Overview
At least 40% of Russia's oil export capacity has been halted after a wave of Ukrainian drone attacks, a disputed incident affecting a major pipeline and the seizure of tankers, according to calculations based on market data. That equates to around 2 million barrels per day (bpd) of crude that is currently not flowing to international buyers. The scale of the stoppage represents the most severe modern-era disruption to output from Russia, which is the world's second largest oil exporter.
Context and scale
The export curtailments have come at a time when global crude prices have moved above $100 a barrel amid the Iran war, intensifying the economic stakes for Moscow. Oil receipts are among the primary revenue sources for the Russian state, and the sector is central to an economy valued at about $2.6 trillion. Oil and gas revenues together account for roughly a quarter of state budget proceeds, making disruptions to export channels especially consequential for public finances.
What has been hit
Ukrainian forces have stepped up drone operations this month against Russia's oil and fuel export infrastructure. The strikes have affected all three of Russia's major western export ports - Novorossiysk on the Black Sea and Primorsk and Ust-Luga on the Baltic Sea. Reuters' calculations indicate that Primorsk, Ust-Luga and the Druzhba pipeline are among the routes currently out of action.
The Druzhba pipeline, which carries crude through Ukraine to refineries in Hungary and Slovakia, is included in the disruptions. Kyiv has also targeted pipeline pumping stations and refineries as part of its campaign, saying its aim is to reduce Moscow's oil and gas revenues and curtail military capacity. Russia has labelled the Ukrainian strikes as terrorist attacks and has responded by tightening security measures across its territory spanning 11 time zones.
Ports, pipeline damage and tanker seizures
Ukraine reported that a section of the Druzhba pipeline suffered damage from Russian strikes at the end of January, a development that prompted requests from both Slovakia and Hungary for Kyiv to resume supplies. The Novorossiysk oil terminal, which has capacity to handle up to 700,000 bpd, has been operating below planned loadings since it sustained heavy damage in an early-month Ukrainian drone attack.
Traders say that frequent seizures of vessels related to Russia have interrupted roughly 300,000 bpd of Arctic exports shipped from the port of Murmansk. Those tanker actions have further dented flows as western export routes face repeated disruption.
Shifting to Asian customers, with limits
With western outlets under pressure, Moscow is increasing its focus on Asian markets.
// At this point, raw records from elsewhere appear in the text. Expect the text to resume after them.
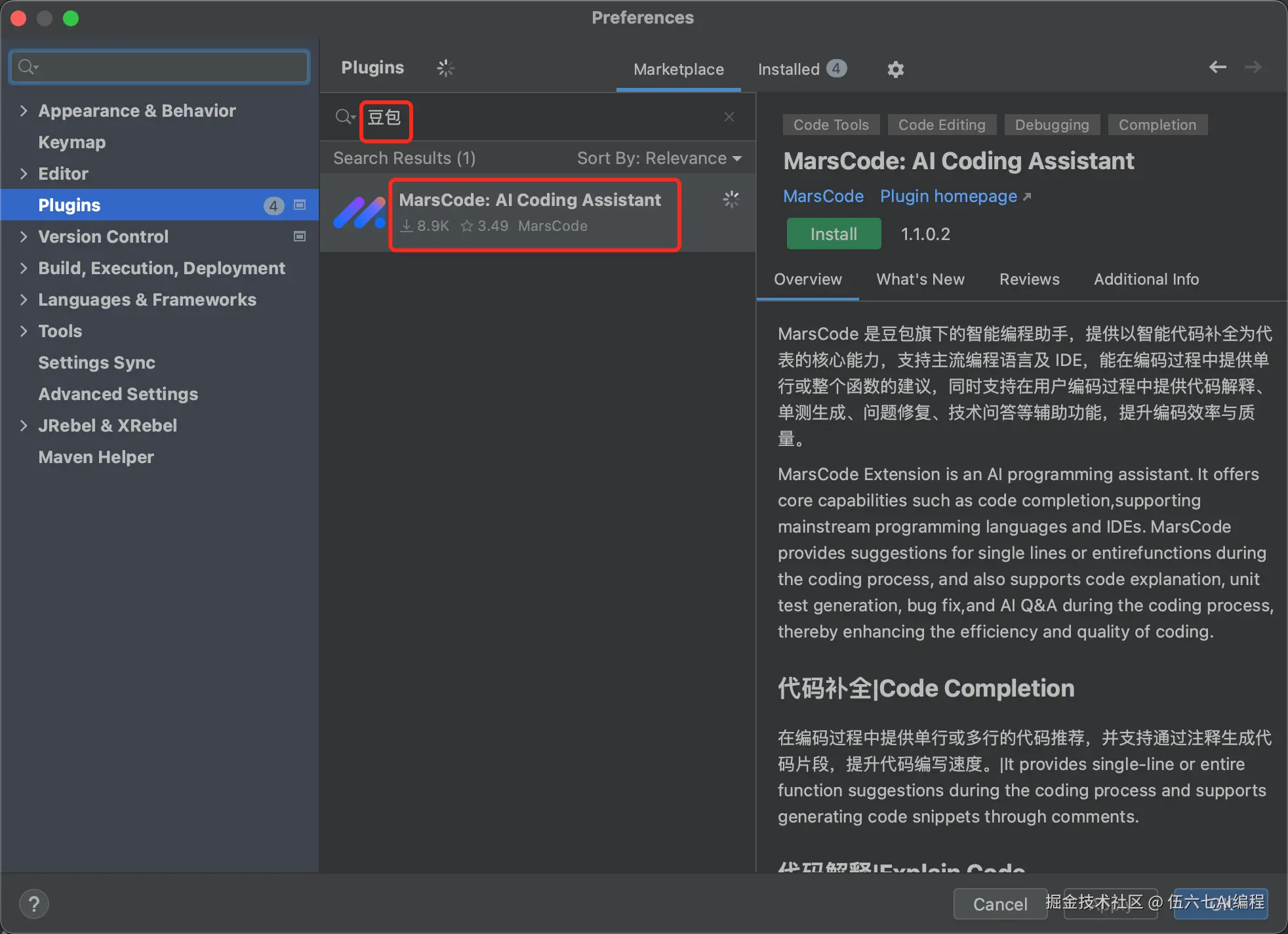 打开 IDEA,选择 「Preference」/「Settings」,选择「Plugins」,输入「豆包」,即可安装。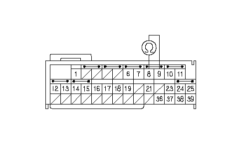 Измерьте сопротивление между клеммами № 8 и № 9 разъема В (39Р) блока SRS. Сопротивление должно быть 0 - 1,0 Ω.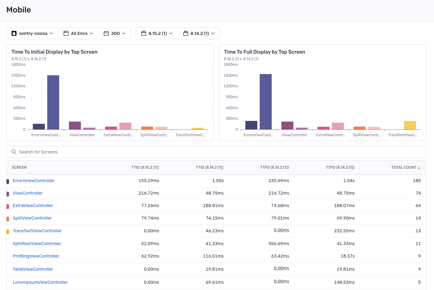 TTID and TTFD highlight work contributing to slow metrics in production. With Sentry’s Screen Loads, you can see user screens with the highest traffic and compare TTID and TTFD across releases. This can highlight potential performance bottlenecks introduced in new releases, so you can then investigate the code changes, dependencies, or assets causing the slowdown. (See screenshot below)

However, traders note that eastbound options are constrained by capacity limits.
Russia continues to deliver oil to China via pipelines including the Skovorodino-Mohe and Atasu-Alashankou routes, and by sea through ESPO Blend exports from the port of Kozmino. Those three routes together account for about 1.9 million bpd. In addition, Russia is loading shipment volumes from two far eastern Sakhalin projects, sending roughly 250,000 bpd from the island. Traders also estimate that supplies to refineries in Belarus are running at about 300,000 bpd.
Implications
The combined effect of port damage, pipeline interruptions and tanker seizures has materially reduced Russia's western-facing oil export capacity, compounding pressure on prices at a moment of elevated geopolitical risk. How long these outages persist and how quickly alternative routing and loadings can be enhanced remain central questions for markets and for Russia's budgetary outlook.